▸ **What to produce**
Lines from the beginning of the material below through the line that has "We got back" are to be reproduced exactly, but pictures are not.

▸ **Recorded data**
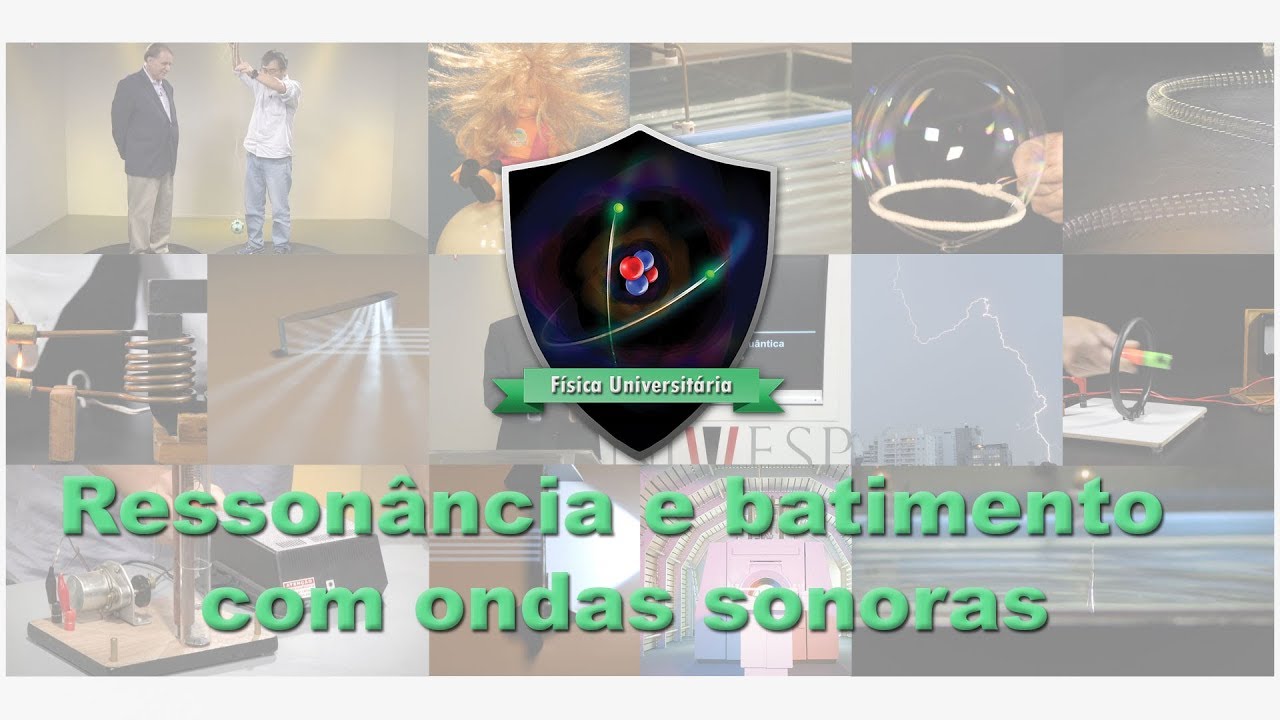 frequência levemente menor comparada com a frequência do outro diapasão por causa desta pequena diferença entre as frequências podemos ouvir o som de um deles interferindo com o som produzido pelo outro tendo como resultado o fenômeno chamado de batimento [Música] mudando um pouco mais a posição do pezinho podemos ouvir a mudança na frequência do batimento que fica um pouco menor podemos ainda fazer um outro experimento usando um diapasão menor mas que ten a mesma frequência assim quando posto para vibrar ele também excitará o ar dentro da caixa de ressonância que Amp ficará o [Música] som a
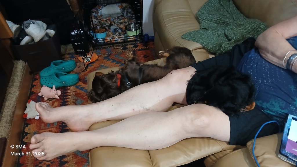 We got back to the campsite about 1:30PM and the dogs were shot. Thelma & Louise zonked out on the couch (along with me). We chilled for the day mostly in the coach. Our neighbors (from Ohio) had their son’s family over for the day (they live in the area). They stayed quite a while and not to infringe on their family time we hung out inside. One thing you learn about camping, everything is a shared space.
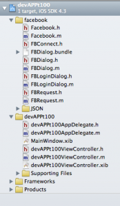 Perfetto, torniamo ad Xcode e tenendo aperta la finestra del finder con la cartella “src” trasciniamo all’interno del nostro progetto tutti i file tranne “facebook-ios-sdk.xcodeproj” e “facebook-ios_sdk_Prefix.pch”. Quando ci verrà chiesto se vogliamo copiare i file diciamo di no (niente spunta su “copy items into destination folder..”), clicchiamo quindi su finish e dovremmo ottenere una gerarchia simile alla seguente:

▸ **Exercise answer**
 frequência levemente menor comparada com a frequência do outro diapasão por causa desta pequena diferença entre as frequências podemos ouvir o som de um deles interferindo com o som produzido pelo outro tendo como resultado o fenômeno chamado de batimento [Música] mudando um pouco mais a posição do pezinho podemos ouvir a mudança na frequência do batimento que fica um pouco menor podemos ainda fazer um outro experimento usando um diapasão menor mas que ten a mesma frequência assim quando posto para vibrar ele também excitará o ar dentro da caixa de ressonância que Amp ficará o [Música] som a
 We got back to the campsite about 1:30PM and the dogs were shot. Thelma & Louise zonked out on the couch (along with me). We chilled for the day mostly in the coach. Our neighbors (from Ohio) had their son’s family over for the day (they live in the area). They stayed quite a while and not to infringe on their family time we hung out inside. One thing you learn about camping, everything is a shared space.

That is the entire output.